His encounters with trade unions were massively miscalculated resulting in a huge decline in industrial output, power cuts and a three-day week. Heath called an election in early 1974 on the platform of "who governs?" The resulting hung parliament showed that he clearly didn't. A second election in October 1974 was only marginally more conclusive and Labour took power with a four-seat majority. Within a year Heath was ousted by the Tory elite who once thought he was to be their saviour.

It is here that perhaps the only common ground exists between Heath and Irish republicans, his and our unending dislike of his usurper Margaret Thatcher.

So what about Heath and Ireland? In his autobiography he writes of visiting Ireland with his friend and future Stormont Prime Minister Robin Chichester Clarke in 1960. Heath wanted to travel to Dublin but a fearful Clarke would only deign to smuggle him across the border to Donegal, covered by a blanket in Clarke's car.

Heath writes of his concern about nationalist rights but his record in office was one of acquiescing to unionist demands for more troops, for internment without trial and then in the aftermath of Bloody Sunday endorsing the beginning of a 30-year cover up of the events on that day.

It is on Ireland and his years as Tory leader that we can see the contradictions and failure of Heath clearly. He sacked his close friend Enoch Powell after his 1968 'Rivers of Blood' speech. The two never spoke again, yet he never really took on his other friends like Chichester Clarke to whom he allowed more troops come to Ireland knowing full well that they would be used to subdue and persecute northern nationalists.

Interestingly the chapter on Ireland in his autobiography gives only a few lines to the talks between republicans and his government. He doesn't seem to realise that like many other British leaders and before and after him he was to make the mistake of trying to cut a deal on Ireland that would exclude republicans.
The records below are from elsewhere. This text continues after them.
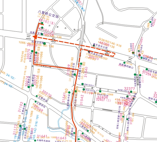 八里桥公交站发出,经王贾大道、王贾东二路、北星大道一段后回原线行驶。取消凤凰立交西;增设王贾村。返程不变。
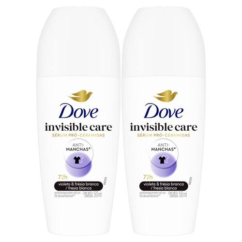 Kit 2 Desodorante Dove Invisible Care Roll-on Antitranspirante Violeta e Frésia Branca 50ml
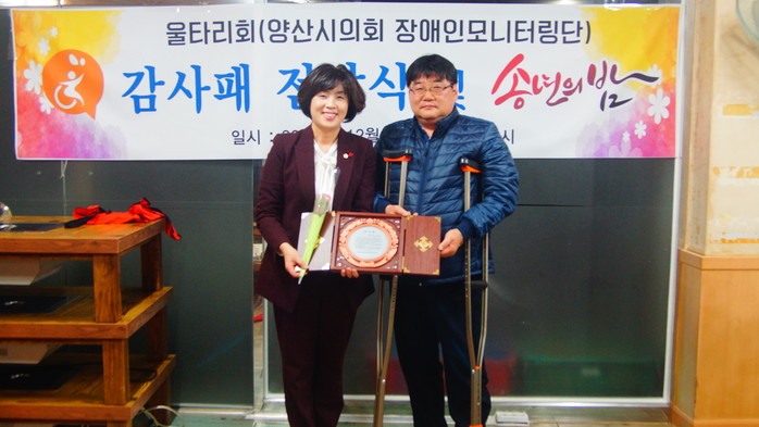 울타리회(양산시의회장애인모니터링단)는 평소 장애인 복지향상에 대한 관심과 수고를 아끼지 않은 정숙남의원에게 깊이 감사드린다며 감사패를 수여하였으며, 정숙남 의원은 수여식에서 “앞으로도 사회적 약자를 위한 시민의 대변자로의 의정활동에 더욱 매진하겠다”고 말했다.
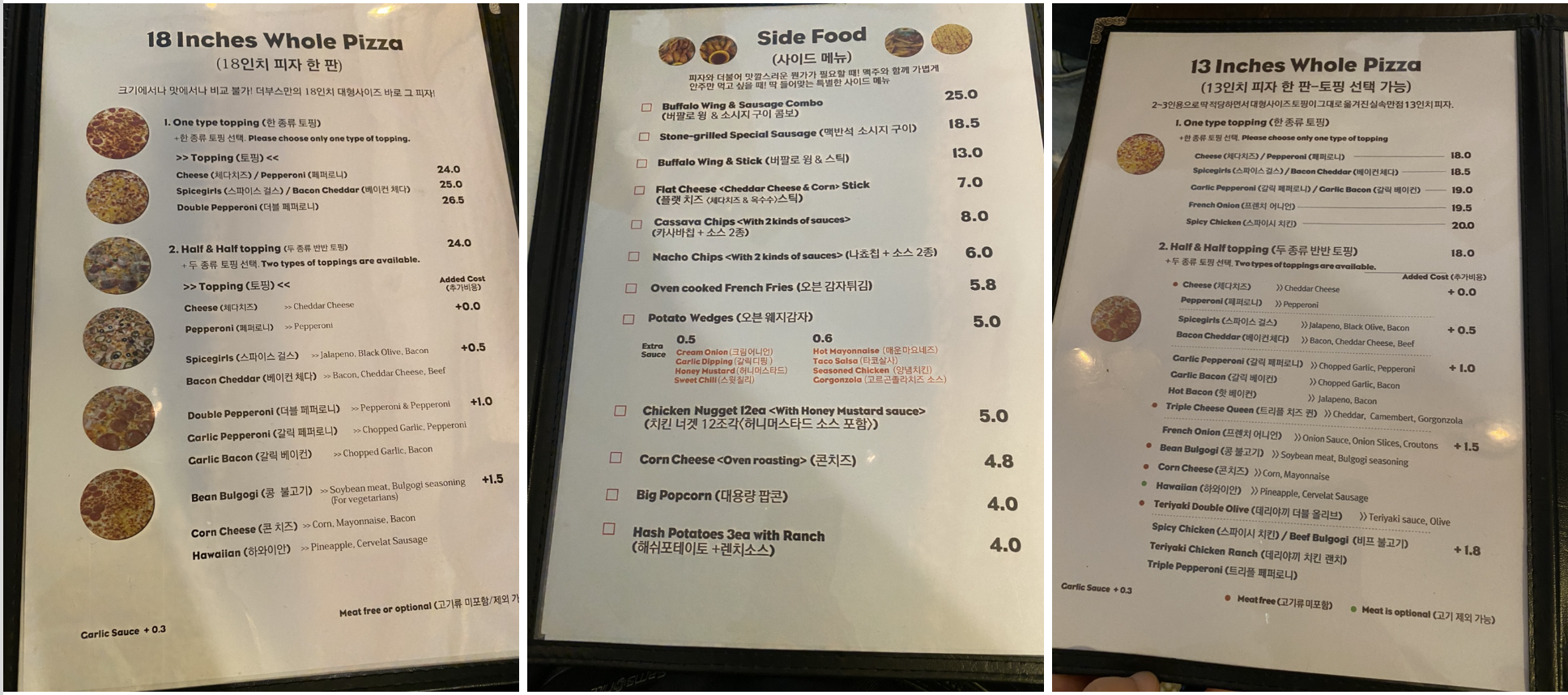 찍어온 메뉴판
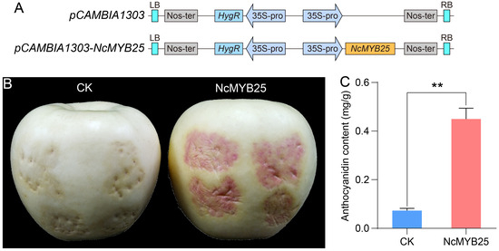 The apple pericarp transient transformation assay was performed following previously described methods [49]. The CDS of NcMYB25 gene was cloned into the pCAMBIA1303 vector to create the pCAMBIA1303-NcMYB25 construct. This construct, along with the pCAMBIA1303 vector, was transformed into A. tumefaciens GV3101 separately and injected into apple pericarps. The injected apples were placed in a dark incubator for 24 h, followed by 5 days in a lighted incubator. The apples inoculated with Agrobacterium containing the pCAMBIA1303-NcMYB25 vector and those inoculated with Agrobacterium containing the pCAMBIA1303 vector were maintained under identical environmental conditions. After this period, the color of the apple pericarp at the injection site was observed, and the anthocyanin concentration in the apple pericarp at the injection site was measured. The anthocyanin content in the pericarp was measured using the Anthocyanin Content Assay Kit (Biosharp Biotechnology Co., Ltd., Hefei, China). Primers used for apple pericarp transient transformation assay are listed in Table S9.
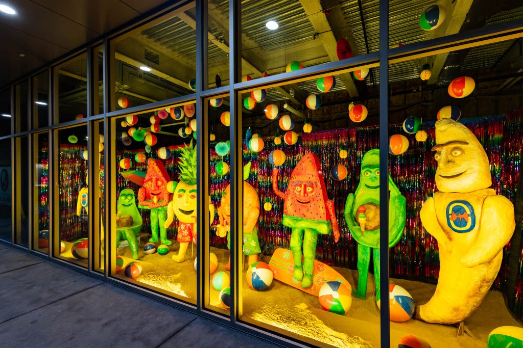 This large-scale, family-friendly paper mache installation offers a bright, tropical escape from the hum-drum nature of winter. This fun, vibrant and whimsical set depicts tropical fruits enjoying beach activities.
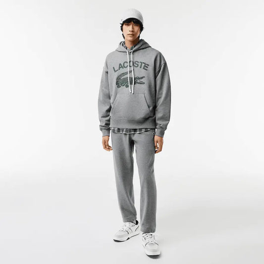 Lacoste Men's Loose Fit Crocodile Hooded Sweatshirt & Print Trackpants Set Grey YRD
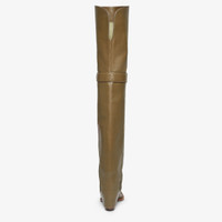 Thigh-high boots with square toe and tubular leg. Handmade in shiny, green leather. The leg partially covers the heel creating a trompe l'oeil effect and soft creases on the front. FF strap at the knee, finished with hand-sewn tone-on-tone macro Selleria topstitches, an emblem of the iconic Selleria workmanship handed down through generations of Fendi artisans since 1925. Made in Italy Composition: 100% calf leather, inside: 100% calf leather Product Code: 8W8565NA7F07G8
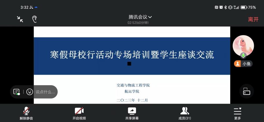 12月28日下午,公司联合交通与物流工程公司在交通物流公司308会议室开展寒假母校行培训及经验交流活动,寒假母校行浙江、福建、宜昌、荆门的小队成员,以线上线下相结合的形式参加了本次培训,本次培训由交通与物流工程公司辅导员郑智予老师主持。
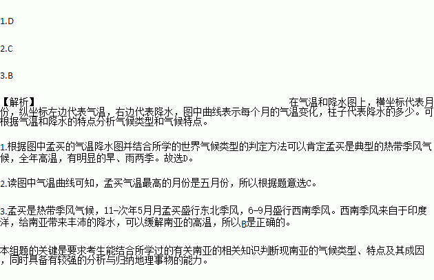 1.有关孟买气候特点的叙述正确的是( )
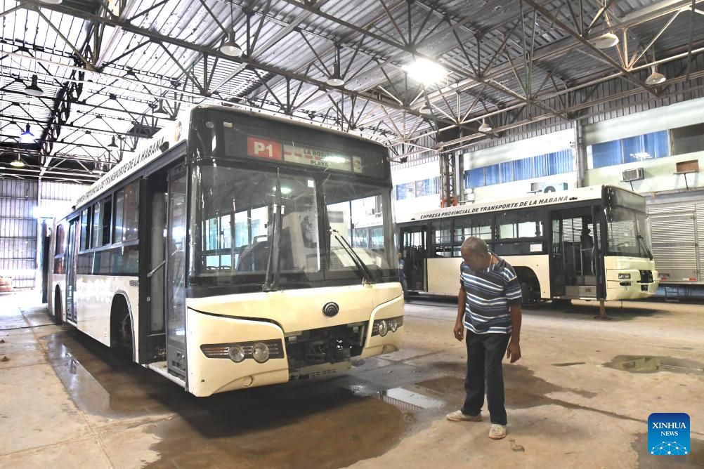 A worker checks a bus at a bus manufacturing factory in Guanajay, Cuba, on July 31, 2025. The handover ceremony of bus parts and accessories under a Chinese government assistance project to Cuba for bus repair and rehabilitation was held here on Thursday. (Photo by Joaquin Hernandez/Xinhua)
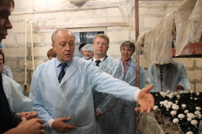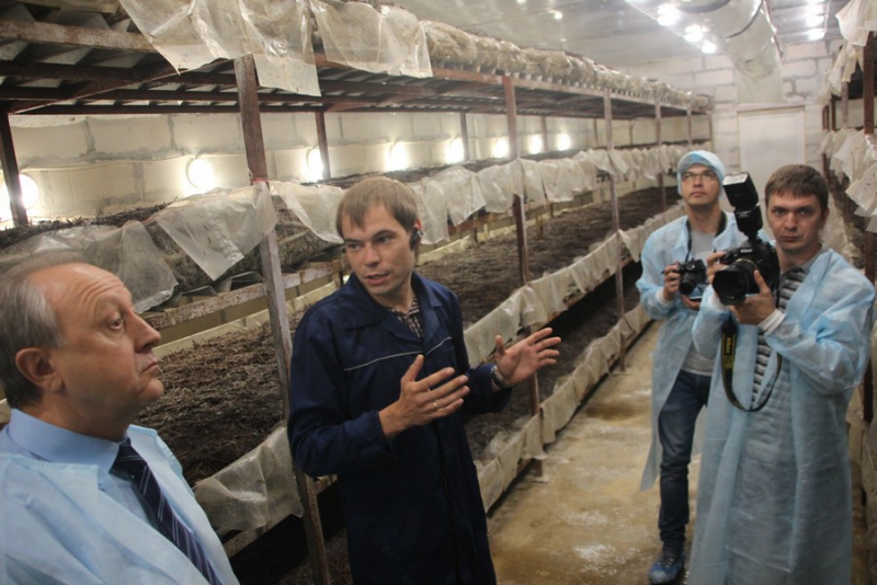 Первым делом губернатору показали упакованные и готовые к продаже шампиньоны, а также специальные подарочные наборы, которые восхитили губернатора. После этого ему показали помещение, где непосредственно выращивают грибы. При этом, по словам представителей комбината, все оборудование – российское. Далее Валерий Радаев проследовал в соседнюю комнату, где грибы оказались уже выросшими.
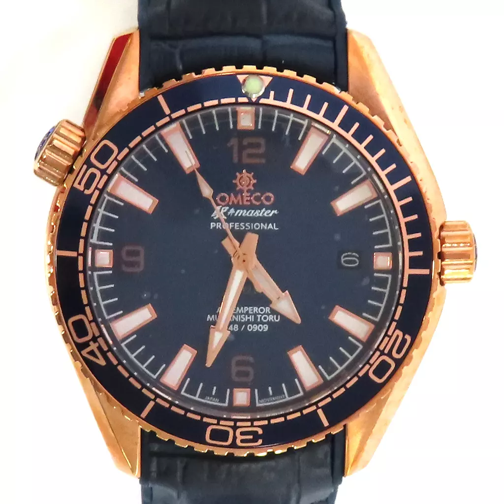 文字盤に「OMECO 駅弁master PROFESSIONAL」「AV EMPEROR MURANISHI TORU 1948/0909」の文字がデザインされています。
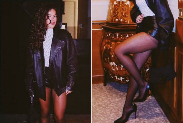 Maisa, de 23 anos, está desfrutando de uma viagem à Itália e, na noite de quarta-feira (25), a atriz e apresentadora saiu para um jantar entre amigos. Para o momento, ela caprichou no look, combinando uma jaqueta de couro preta com um minishort da mesma cor e uma blusinha branca. Ela também usou um salto e colocou uma meia fina transparente, deixando as pernas à mostra.

But Heath's tenure in government was a busy one. We are told his experience of 1930s and wartime Europe filled him with a hatred of dictatorships and fuelled his desire to have Britain in the European Union. He had no problem though with unionist hegemony; with their desire for a militarised police state and then he began a policy of British dictatorship in Ireland, garnished in the polite description of "direct rule".

Heath also allowed the restarting of arms sales to the South African Apartheid regime. Was this not another dictatorship?

After 1975 when Thatcher was elected leader, Heath returned to the backbenches, where he stayed until 2001, capping off 51 years of continuous representation. In 1997 as 'father of the house' in Westminster he was instrumental in the election of the first woman speaker, Betty Boothroyd.

He remained an outspoken critic of Thatcher and his "rejoice, rejoice" quips after her ousting in 1990 has been given repeated airings in recent days. In 1992 he described her as "rabid and bigoted" with a "minute mind".

He was one of the most regular attending MPs during his time at Westminster, refusing to retire to the Lords, yet did little as Tory leader to cherish democracy not just in Ireland but Britain too.

Heath once described himself as the best friend Ulster ever had. He wasn't a friend of Ulster or Ireland. He was and remained delusional about, not just his role in Ireland but, as a British leader. He might have been a nice man, but he was a bad politician guilty of the very failings to which he claimed to be opposed.